START RECORDED INFORMATION

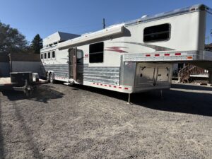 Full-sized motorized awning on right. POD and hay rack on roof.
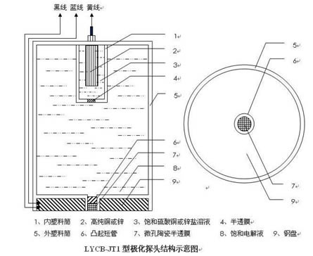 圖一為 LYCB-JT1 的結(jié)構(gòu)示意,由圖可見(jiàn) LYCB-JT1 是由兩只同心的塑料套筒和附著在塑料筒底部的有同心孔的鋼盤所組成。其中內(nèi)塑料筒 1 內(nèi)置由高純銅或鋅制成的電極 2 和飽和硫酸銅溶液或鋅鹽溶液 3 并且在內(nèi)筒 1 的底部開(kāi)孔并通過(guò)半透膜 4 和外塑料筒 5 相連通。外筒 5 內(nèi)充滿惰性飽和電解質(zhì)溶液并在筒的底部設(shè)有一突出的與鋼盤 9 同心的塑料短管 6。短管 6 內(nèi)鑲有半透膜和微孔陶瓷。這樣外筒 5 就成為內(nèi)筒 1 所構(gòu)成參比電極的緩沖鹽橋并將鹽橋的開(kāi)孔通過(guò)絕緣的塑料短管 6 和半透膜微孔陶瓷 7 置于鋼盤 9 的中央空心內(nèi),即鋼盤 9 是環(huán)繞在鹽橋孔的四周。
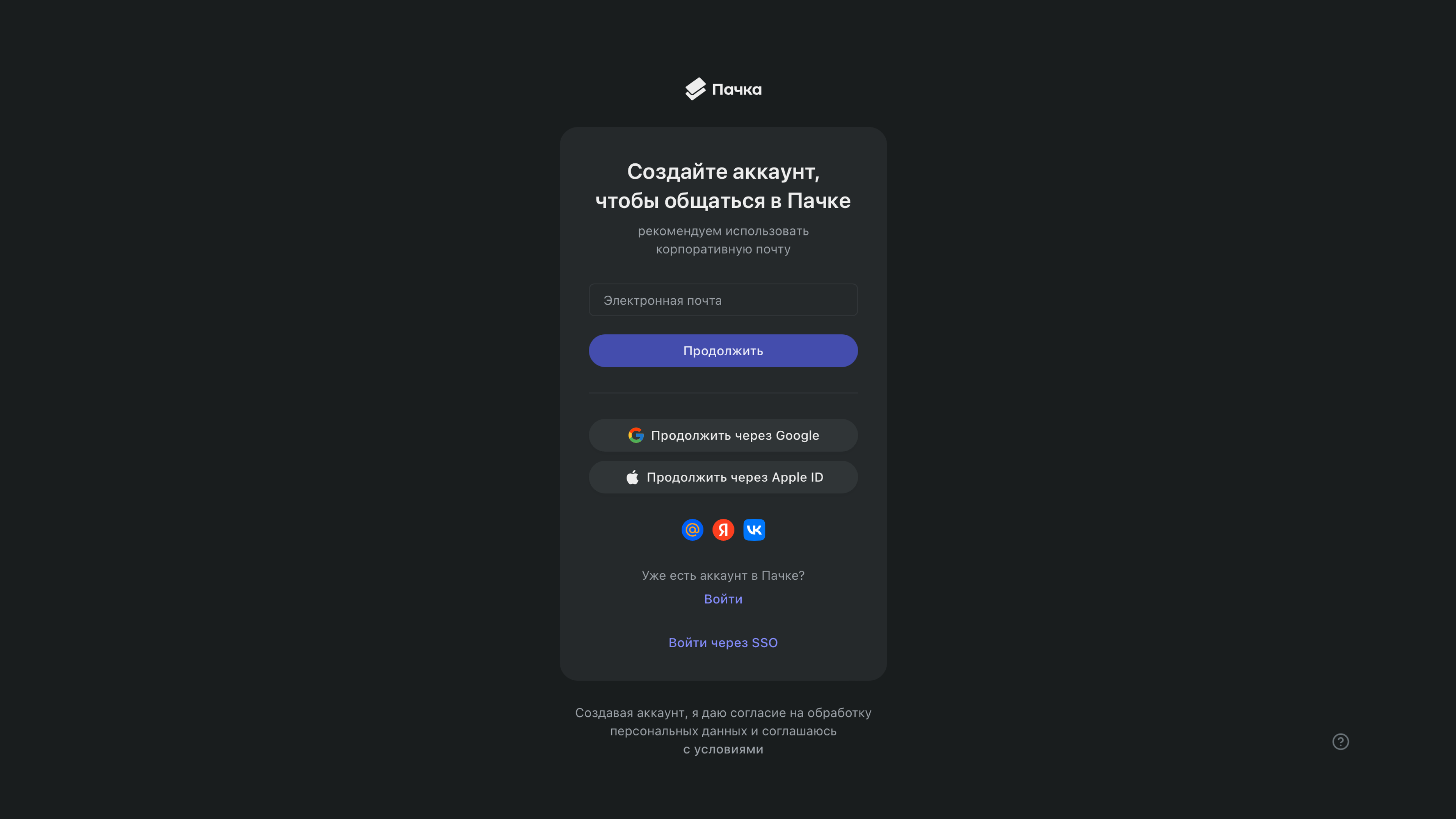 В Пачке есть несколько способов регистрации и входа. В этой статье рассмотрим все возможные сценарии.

END RECORDED INFORMATION

** ABOUT THIS TASK **
Would you set down the listing exactly, omitting pictures?

** EXERCISE RESULT **
 Full-sized motorized awning on right. POD and hay rack on roof.
 圖一為 LYCB-JT1 的結(jié)構(gòu)示意,由圖可見(jiàn) LYCB-JT1 是由兩只同心的塑料套筒和附著在塑料筒底部的有同心孔的鋼盤所組成。其中內(nèi)塑料筒 1 內(nèi)置由高純銅或鋅制成的電極 2 和飽和硫酸銅溶液或鋅鹽溶液 3 并且在內(nèi)筒 1 的底部開(kāi)孔并通過(guò)半透膜 4 和外塑料筒 5 相連通。外筒 5 內(nèi)充滿惰性飽和電解質(zhì)溶液并在筒的底部設(shè)有一突出的與鋼盤 9 同心的塑料短管 6。短管 6 內(nèi)鑲有半透膜和微孔陶瓷。這樣外筒 5 就成為內(nèi)筒 1 所構(gòu)成參比電極的緩沖鹽橋并將鹽橋的開(kāi)孔通過(guò)絕緣的塑料短管 6 和半透膜微孔陶瓷 7 置于鋼盤 9 的中央空心內(nèi),即鋼盤 9 是環(huán)繞在鹽橋孔的四周。
 В Пачке есть несколько способов регистрации и входа. В этой статье рассмотрим все возможные сценарии.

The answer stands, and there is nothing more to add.